APELAÇÃO CÍVEL (198) Nº 5005066-55.2022.4.03.9999
RELATOR: Gab. C da Turma Regional de Mato Grosso do Sul
APELANTE: ALINE APARECIDA DE OLIVEIRA
Advogado do(a) APELANTE: TARCISIO JORGE DE PAULA GONCALVES - MS20701-A
APELADO: INSTITUTO NACIONAL DO SEGURO SOCIAL - INSS
OUTROS PARTICIPANTES:
APELAÇÃO CÍVEL (198) Nº 5005066-55.2022.4.03.9999 RELATOR: Gab. C da Turma Regional de Mato Grosso do Sul APELANTE: ALINE APARECIDA DE OLIVEIRA Advogado do(a) APELANTE: TARCISIO JORGE DE PAULA GONCALVES - MS20701-A APELADO: INSTITUTO NACIONAL DO SEGURO SOCIAL - INSS OUTROS PARTICIPANTES: R E L A T Ó R I O Trata-se de apelação interposta em ação objetivando a concessão do benefício de salário-maternidade para trabalhadora rural.
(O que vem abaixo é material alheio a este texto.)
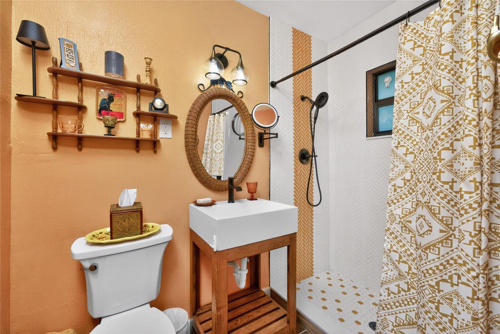 This charming cottage is nestled in the alluring Historic District of Punta Gorda, which offers the kind of walkable, coastal lifestyle that defines Southwest Florida living. Just a short stroll or bike ride takes you to downtown or Fishermans village, where you will discover great local restaurants, boutiques, vibrant farmers markets, and the scenic waterfront at Gilchrist Park. Here you can enjoy pickleball, tennis, fishing, playgrounds, and sunset walks along the harborfront esplanade. From the moment you arrive you will be embraced by the pleasing mature landscape that envelopes the home and the thoughtfully designed eco-friendly landscape, complete with decorative rock and curbing for low-maintenance appeal. Located on an oversized corner lot with nearly a quarter acre of land, there is plenty of space to create your outdoor sanctuary. This block home boasts a freshly painted exterior, newer impact glass windows, new entry doors, A/C, water heater, new electrical & complete pex repipe throughout ( 2023- including main line to meter). Inside, the home feels warm and cohesive with handsome wood-look plank tile flooring throughout. Abundant windows help fill the space with natural light, enhancing the bright, airy feel in every room. The kitchen is both functional and inviting, featuring stone countertops and complimentary backsplash, newer appliances, white cabinetry, and a window overlooking the private backyard. A breakfast bar opens seamlessly to the dining area, creating an easy flow for everyday living or casual entertaining. The primary suite features a stylish barn door leading to an updated ensuite bath with a freestanding vanity and a walk-in shower finished with striking herringbone tile. The second bedroom is filled with natural light from an expansive window overlooking the majestic tree in the front yard, while the guest bathroom continues the home's updated aesthetic with its own freestanding vanity and beautifully tiled tub. Out back, the fenced yard provides a private retreat with plenty of room to relax or entertain. The carport has been screened-in and transformed into a comfortable sitting area, offering flexible living space and can be converted back to a car port. An expansive storage room provides great storage and space for the tinkerer, and the utility area is conveniently located just beyond. A transferable group insurance flood policy is available through the end of 2027, with coverage of $87,200.
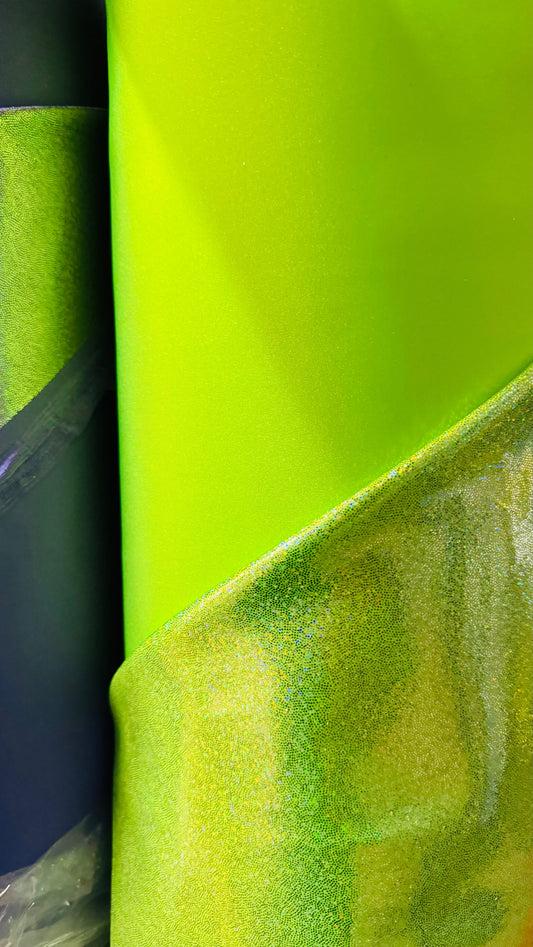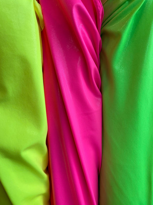 New foggy with clear foil neon colors metallic nylon spandex 4-way stretch 58/60” Sold by the YD. Ships worldwide from Los Angeles CA USA

A r. sentença (ID 265387099, f. 189/194) julgou improcedente o pedido inicial, condenando a autora ao pagamento das custas processuais e honorários advocatícios, fixados em R$ 998,00 (novecentos e noventa e oito reais), sob condição suspensiva de exigibilidade, nos termos do artigo 98, § 3º, do CPC. Apelou a demandante (ID 265387099, f. 201/213), alegando, em suma, que resta plenamente comprovada a sua qualidade de segurada especial, bem como o exercício do tempo de atividade rural necessário à concessão do benefício de salário-maternidade. Não houve contrarrazões. É o relatório.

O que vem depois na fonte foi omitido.